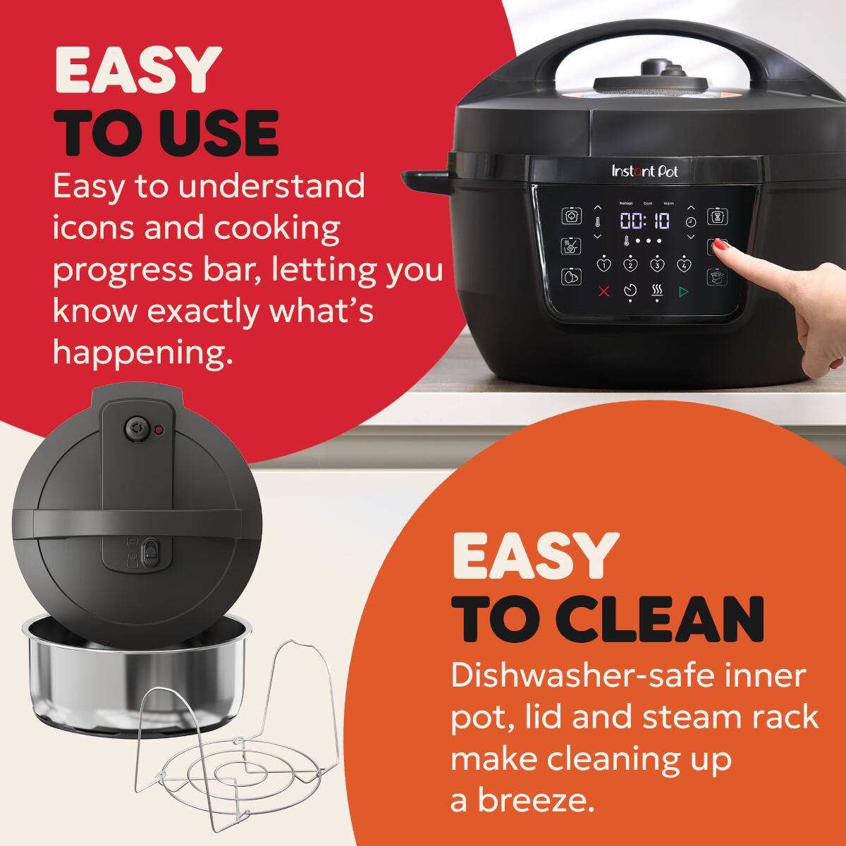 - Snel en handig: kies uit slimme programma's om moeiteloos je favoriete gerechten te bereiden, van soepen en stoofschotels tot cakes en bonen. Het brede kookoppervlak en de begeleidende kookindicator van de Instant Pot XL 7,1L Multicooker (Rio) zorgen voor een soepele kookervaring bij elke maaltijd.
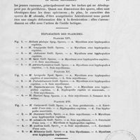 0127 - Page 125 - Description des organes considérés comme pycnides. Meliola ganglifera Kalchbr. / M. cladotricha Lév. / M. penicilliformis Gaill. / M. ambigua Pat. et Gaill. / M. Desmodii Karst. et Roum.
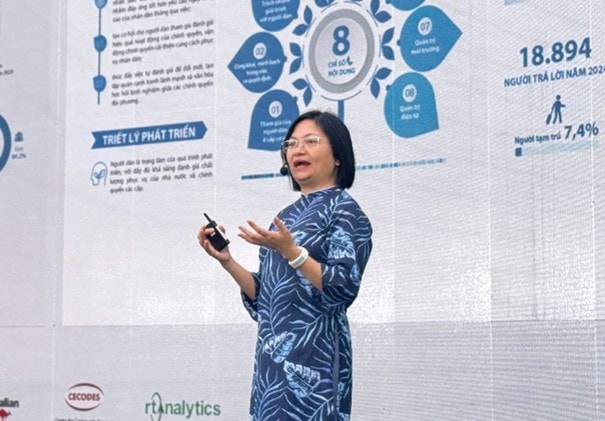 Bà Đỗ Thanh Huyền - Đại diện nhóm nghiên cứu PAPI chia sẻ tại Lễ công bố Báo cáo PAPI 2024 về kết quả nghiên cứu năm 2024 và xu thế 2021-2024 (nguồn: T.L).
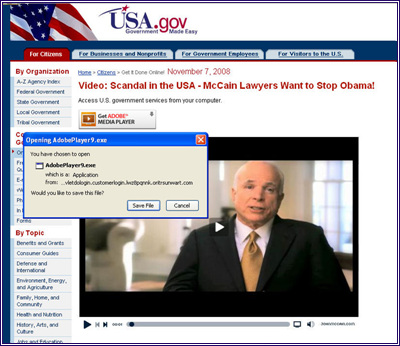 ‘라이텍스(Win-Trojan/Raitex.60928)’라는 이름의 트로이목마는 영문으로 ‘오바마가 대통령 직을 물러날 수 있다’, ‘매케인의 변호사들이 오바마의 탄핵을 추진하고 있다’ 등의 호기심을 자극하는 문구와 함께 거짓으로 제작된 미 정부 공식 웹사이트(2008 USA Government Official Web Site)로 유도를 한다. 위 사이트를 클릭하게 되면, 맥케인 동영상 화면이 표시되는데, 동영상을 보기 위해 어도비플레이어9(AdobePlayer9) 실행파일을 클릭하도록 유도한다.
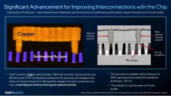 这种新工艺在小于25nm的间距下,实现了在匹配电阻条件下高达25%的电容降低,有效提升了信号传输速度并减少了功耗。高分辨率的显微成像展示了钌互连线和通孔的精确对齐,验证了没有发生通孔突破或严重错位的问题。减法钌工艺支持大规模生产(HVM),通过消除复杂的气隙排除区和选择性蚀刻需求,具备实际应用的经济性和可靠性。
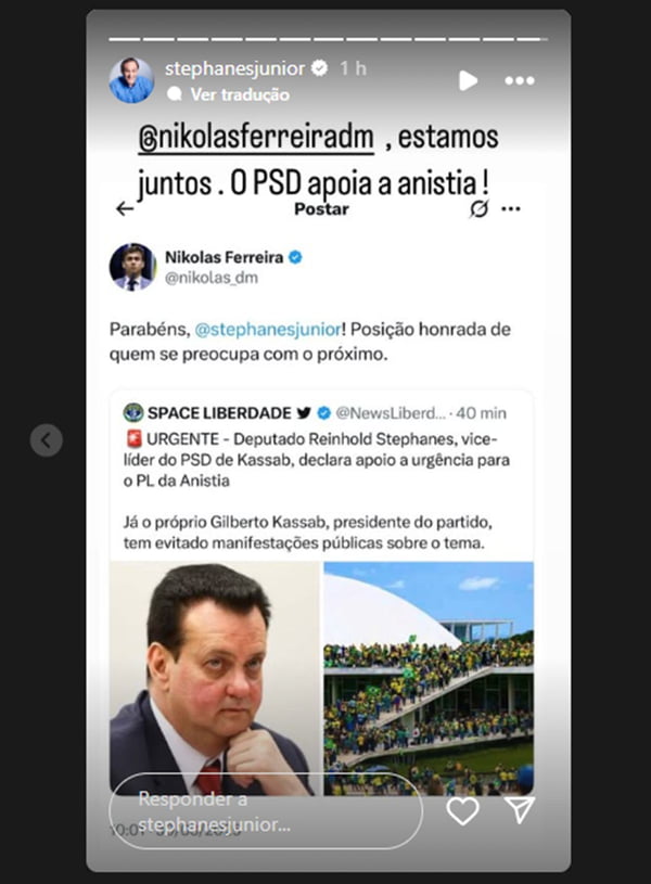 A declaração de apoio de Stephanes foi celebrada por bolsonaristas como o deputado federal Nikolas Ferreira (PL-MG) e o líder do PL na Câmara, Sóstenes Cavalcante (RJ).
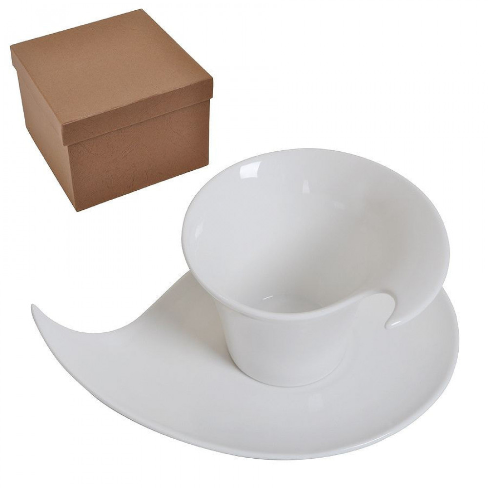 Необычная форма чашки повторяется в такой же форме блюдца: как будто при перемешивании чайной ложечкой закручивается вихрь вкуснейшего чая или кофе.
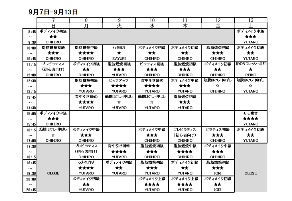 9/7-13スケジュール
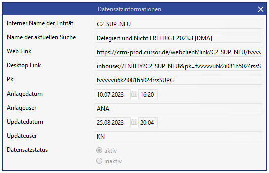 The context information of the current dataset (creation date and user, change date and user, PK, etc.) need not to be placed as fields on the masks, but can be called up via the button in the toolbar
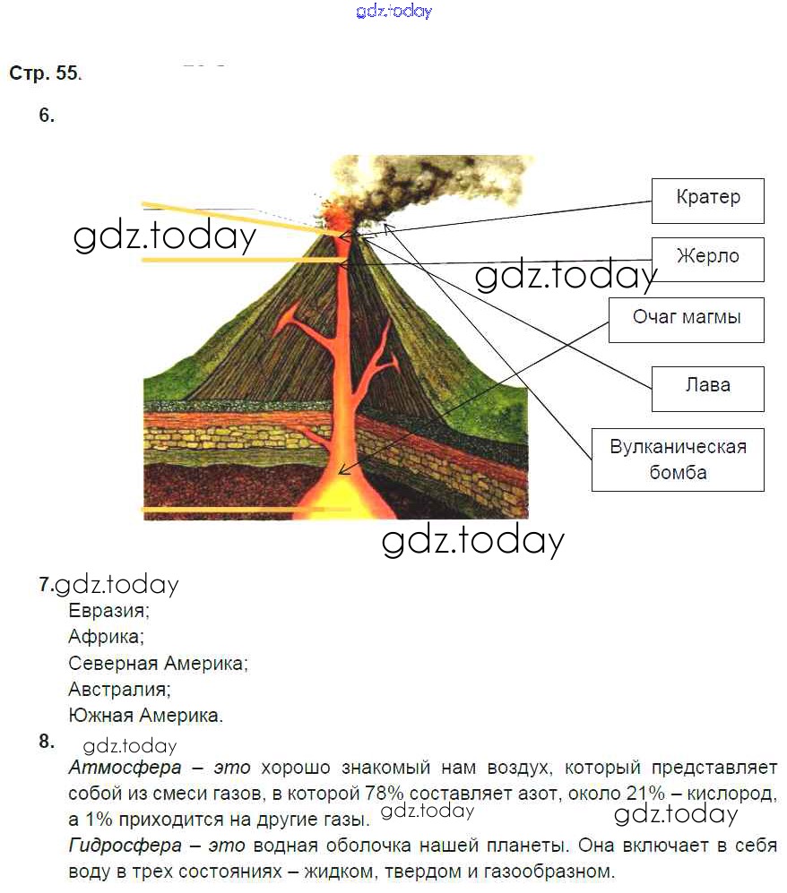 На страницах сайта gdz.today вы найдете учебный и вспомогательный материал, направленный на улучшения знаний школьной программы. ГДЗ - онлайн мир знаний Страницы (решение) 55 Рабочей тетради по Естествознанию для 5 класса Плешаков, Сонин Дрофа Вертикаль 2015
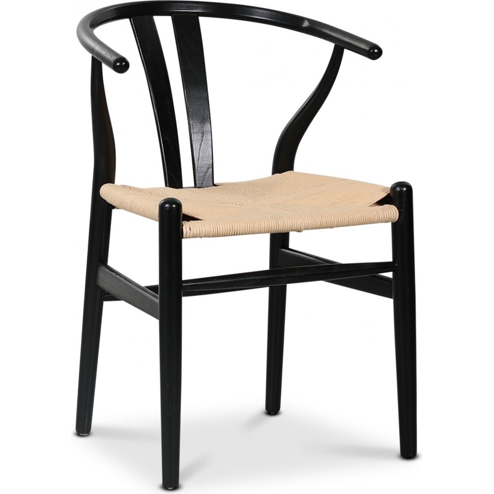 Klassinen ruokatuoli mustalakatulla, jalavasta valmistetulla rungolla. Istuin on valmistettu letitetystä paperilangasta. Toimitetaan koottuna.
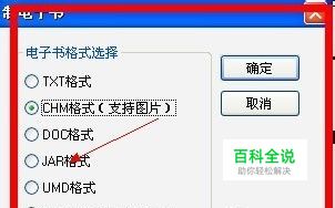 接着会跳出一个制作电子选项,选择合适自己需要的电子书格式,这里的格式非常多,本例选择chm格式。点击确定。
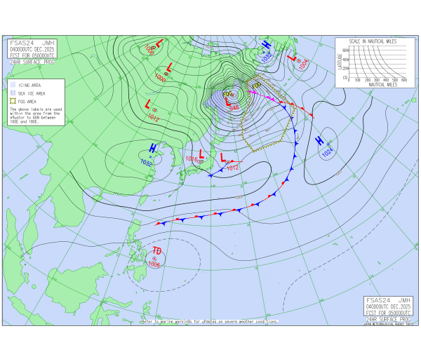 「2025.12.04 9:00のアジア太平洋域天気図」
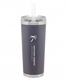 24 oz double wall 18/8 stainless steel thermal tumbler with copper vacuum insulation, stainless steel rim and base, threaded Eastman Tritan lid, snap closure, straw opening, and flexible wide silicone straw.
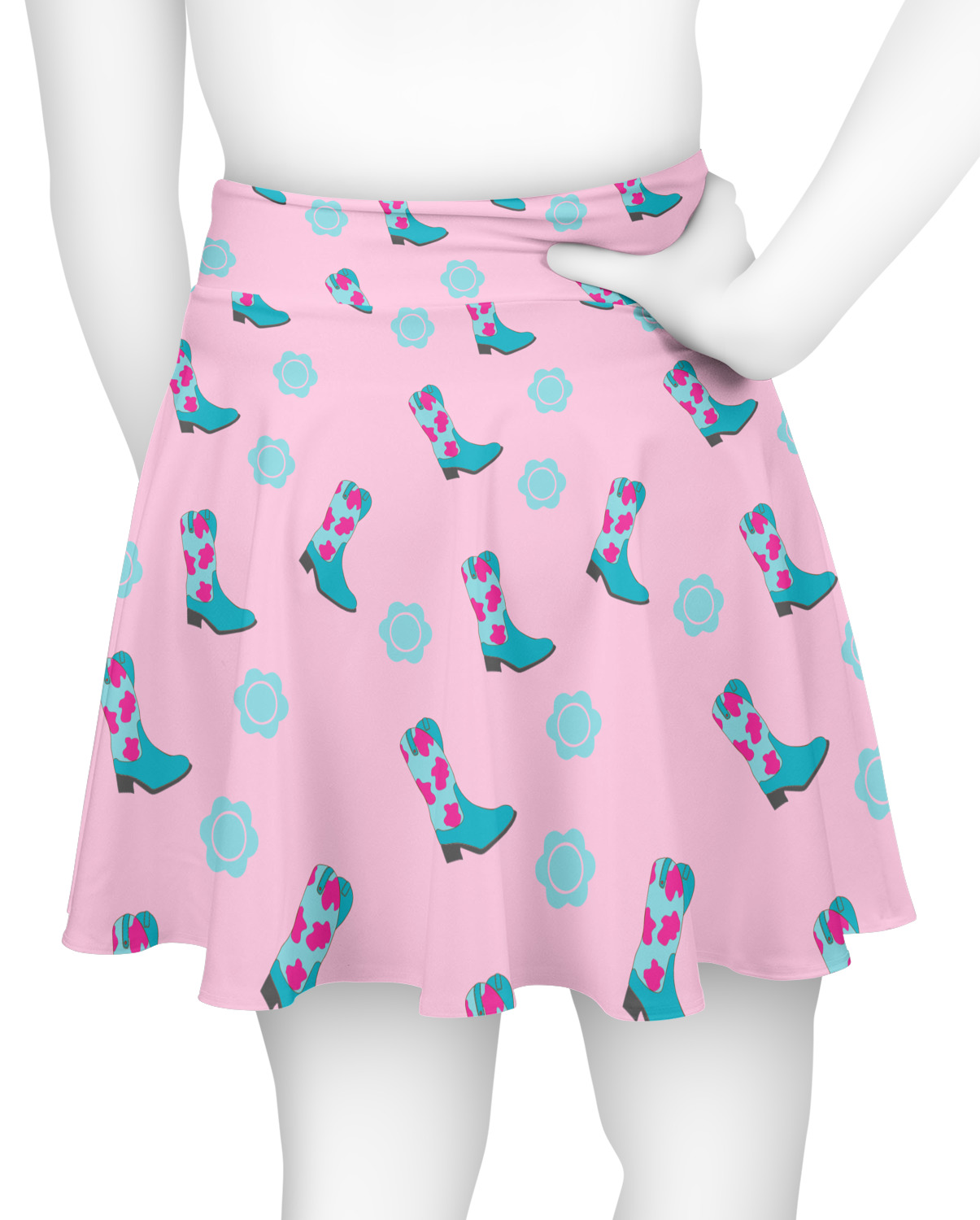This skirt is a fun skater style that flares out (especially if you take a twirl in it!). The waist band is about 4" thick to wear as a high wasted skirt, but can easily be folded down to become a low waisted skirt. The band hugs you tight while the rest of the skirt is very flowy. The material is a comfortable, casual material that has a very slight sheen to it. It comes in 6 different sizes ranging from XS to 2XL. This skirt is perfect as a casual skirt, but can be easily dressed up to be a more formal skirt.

:::::

WHAT YOU ARE ASKED TO DO – Your answer should contain all the material above, written out exactly, and none of the pictures.

SOLVED EXERCISE –
 - Snel en handig: kies uit slimme programma's om moeiteloos je favoriete gerechten te bereiden, van soepen en stoofschotels tot cakes en bonen. Het brede kookoppervlak en de begeleidende kookindicator van de Instant Pot XL 7,1L Multicooker (Rio) zorgen voor een soepele kookervaring bij elke maaltijd.
 0127 - Page 125 - Description des organes considérés comme pycnides. Meliola ganglifera Kalchbr. / M. cladotricha Lév. / M. penicilliformis Gaill. / M. ambigua Pat. et Gaill. / M. Desmodii Karst. et Roum.
 Bà Đỗ Thanh Huyền - Đại diện nhóm nghiên cứu PAPI chia sẻ tại Lễ công bố Báo cáo PAPI 2024 về kết quả nghiên cứu năm 2024 và xu thế 2021-2024 (nguồn: T.L).
 ‘라이텍스(Win-Trojan/Raitex.60928)’라는 이름의 트로이목마는 영문으로 ‘오바마가 대통령 직을 물러날 수 있다’, ‘매케인의 변호사들이 오바마의 탄핵을 추진하고 있다’ 등의 호기심을 자극하는 문구와 함께 거짓으로 제작된 미 정부 공식 웹사이트(2008 USA Government Official Web Site)로 유도를 한다. 위 사이트를 클릭하게 되면, 맥케인 동영상 화면이 표시되는데, 동영상을 보기 위해 어도비플레이어9(AdobePlayer9) 실행파일을 클릭하도록 유도한다.
 这种新工艺在小于25nm的间距下,实现了在匹配电阻条件下高达25%的电容降低,有效提升了信号传输速度并减少了功耗。高分辨率的显微成像展示了钌互连线和通孔的精确对齐,验证了没有发生通孔突破或严重错位的问题。减法钌工艺支持大规模生产(HVM),通过消除复杂的气隙排除区和选择性蚀刻需求,具备实际应用的经济性和可靠性。
 A declaração de apoio de Stephanes foi celebrada por bolsonaristas como o deputado federal Nikolas Ferreira (PL-MG) e o líder do PL na Câmara, Sóstenes Cavalcante (RJ).
 Необычная форма чашки повторяется в такой же форме блюдца: как будто при перемешивании чайной ложечкой закручивается вихрь вкуснейшего чая или кофе.
 9/7-13スケジュール
 The context information of the current dataset (creation date and user, change date and user, PK, etc.) need not to be placed as fields on the masks, but can be called up via the button in the toolbar
 На страницах сайта gdz.today вы найдете учебный и вспомогательный материал, направленный на улучшения знаний школьной программы. ГДЗ - онлайн мир знаний Страницы (решение) 55 Рабочей тетради по Естествознанию для 5 класса Плешаков, Сонин Дрофа Вертикаль 2015
 Klassinen ruokatuoli mustalakatulla, jalavasta valmistetulla rungolla. Istuin on valmistettu letitetystä paperilangasta. Toimitetaan koottuna.
 接着会跳出一个制作电子选项,选择合适自己需要的电子书格式,这里的格式非常多,本例选择chm格式。点击确定。
 「2025.12.04 9:00のアジア太平洋域天気図」
 24 oz double wall 18/8 stainless steel thermal tumbler with copper vacuum insulation, stainless steel rim and base, threaded Eastman Tritan lid, snap closure, straw opening, and flexible wide silicone straw.
This skirt is a fun skater style that flares out (especially if you take a twirl in it!). The waist band is about 4" thick to wear as a high wasted skirt, but can easily be folded down to become a low waisted skirt. The band hugs you tight while the rest of the skirt is very flowy. The material is a comfortable, casual material that has a very slight sheen to it. It comes in 6 different sizes ranging from XS to 2XL. This skirt is perfect as a casual skirt, but can be easily dressed up to be a more formal skirt.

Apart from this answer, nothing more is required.